→ Directions for this task
For the material below, return exactly the lines starting at the one holding "Wie bei ganz" and ending at the one holding "上午7時53分,在歡快的樂曲", counting both as part of the range.

→ Exercise materials
◆ ◆ ◆ ◆

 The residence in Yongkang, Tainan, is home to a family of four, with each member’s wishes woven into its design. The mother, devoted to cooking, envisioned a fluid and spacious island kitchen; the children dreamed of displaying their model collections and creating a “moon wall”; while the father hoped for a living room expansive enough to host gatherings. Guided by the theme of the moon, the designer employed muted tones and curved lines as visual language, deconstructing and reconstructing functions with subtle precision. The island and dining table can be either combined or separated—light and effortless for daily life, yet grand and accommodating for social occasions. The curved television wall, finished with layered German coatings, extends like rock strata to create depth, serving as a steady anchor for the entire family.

◆ ◆ ◆ ◆

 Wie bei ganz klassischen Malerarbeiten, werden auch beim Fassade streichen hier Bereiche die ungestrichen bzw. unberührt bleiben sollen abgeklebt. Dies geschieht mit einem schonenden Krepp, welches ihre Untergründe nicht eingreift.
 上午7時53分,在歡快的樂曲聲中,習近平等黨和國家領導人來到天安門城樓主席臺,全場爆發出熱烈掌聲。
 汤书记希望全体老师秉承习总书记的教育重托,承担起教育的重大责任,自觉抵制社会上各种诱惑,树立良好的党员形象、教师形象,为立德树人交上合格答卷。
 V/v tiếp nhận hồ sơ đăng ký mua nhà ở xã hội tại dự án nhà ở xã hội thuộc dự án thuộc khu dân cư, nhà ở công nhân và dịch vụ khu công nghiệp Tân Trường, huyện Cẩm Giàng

◆ ◆ ◆ ◆

→ Your response
 Wie bei ganz klassischen Malerarbeiten, werden auch beim Fassade streichen hier Bereiche die ungestrichen bzw. unberührt bleiben sollen abgeklebt. Dies geschieht mit einem schonenden Krepp, welches ihre Untergründe nicht eingreift.
 上午7時53分,在歡快的樂曲聲中,習近平等黨和國家領導人來到天安門城樓主席臺,全場爆發出熱烈掌聲。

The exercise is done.